Lashilola, Seun; Xu, Weiwei; Azimpour, Khashayar; McCarthy, Michael; Carlot, Sara; Game, David; van der Voort, Judith.
Affiliation
  • Lashilola S; Real World Insights, IQVIA, London, UK.
  • Xu W; Real World Insights, IQVIA, Amsterdam, the Netherlands. Weiwei.xu@iqvia.com.
  • Azimpour K; Global Health Economics and Outcome Research, Chiesi, Boston, United States.
  • McCarthy M; Health Economics and Outcomes Research, MAP Patient Access, Cambridge, UK.
  • Carlot S; Global Rare Diseases Business Unit, Chiesi Farmaceutici S.p.A, Parma, Italy.
  • Game D; Department of Nephrology, Guy's Hospital, London, UK.
  • van der Voort J; Department of Paediatric Nephrology, University Hospital of Wales, Cardiff, Wales.
BMC Nephrol ; 24(1): 351, 2023 11 29.
Article in En | MEDLINE | ID: mdl-38031005
ABSTRACT

BACKGROUND:

Nephropathic Cystinosis (NC), a rare disease characterised by intra-lysosomal accumulation of cystine, results in progressive kidney failure (KF).
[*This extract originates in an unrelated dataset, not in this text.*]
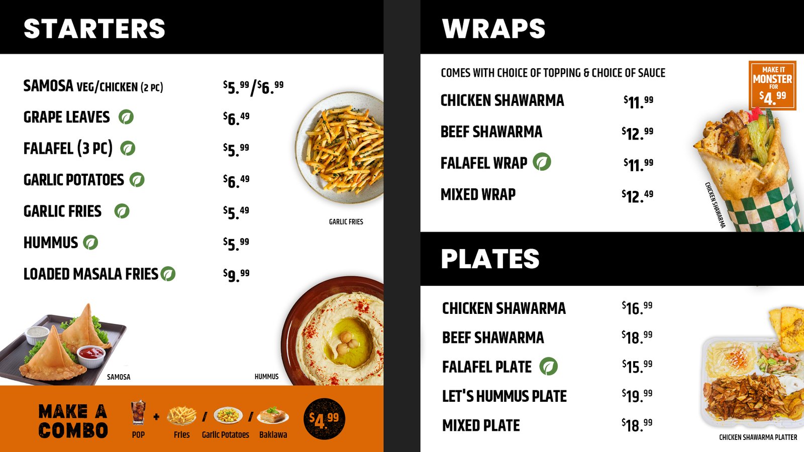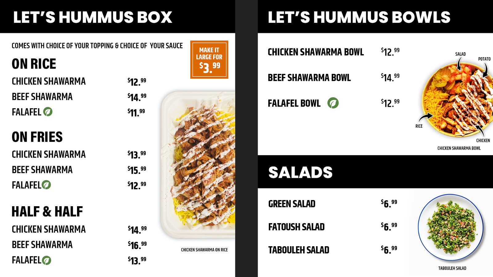 Savor every bite of our diverse menu, from sizzling shawarma wraps and kafta kabobs to vegan and vegetarian-friendly falafel plates. Whether you’re looking for a hearty meal or a quick snack, Let’s Hummus has something for everyone.

Compliance to lifelong oral cysteamine, the only therapy, is often compromised. The relationship between compliance and costs of NC has not been previously formally assessed. The present study evaluates the impact of compliance on lifetime (direct) costs of treating KF in NC patients in the United Kingdom.

METHODS:

A three-state (KF-free, post-KF, death) partitioned survival model was developed for hypothetical 'Good Compliance' (GC) and 'Poor Compliance' (PC) cohorts. Survival in the KF-free state was determined by a published regression function of composite compliance score (CCS). The CCS is a summation of annual compliance scores (ACS) over treatment duration prior to KF. ACSs are indexed on annual (average) leukocyte cystine levels (LCL). The Poor Compliance cohort was defined to reflect NC patients in a previous study with a mean LCL of 2.35 nmols nmol half-cystine/mg protein over the study period - and an estimated mean ACS of 1.64 over a 13.4 year treatment duration. The Good Compliance cohort was assumed to have an ACS of 2.25 for 21 years. Major KF costs were evaluated - i.e., dialysis, kidney transplants, and subsequent monitoring.

RESULTS:

The mean CCS was 47 for the GC and 22 for the PC cohort respectively, corresponding to estimated lifetime KF costs of £92,370 and £117,830 respectively - i.e., a cost saving of £25,460/patient, or £1,005/patient for every 1-unit improvement in CCS.

CONCLUSION:

This analysis indicates that lifetime costs of KF in NC can be reduced through improved treatment compliance with oral cysteamine.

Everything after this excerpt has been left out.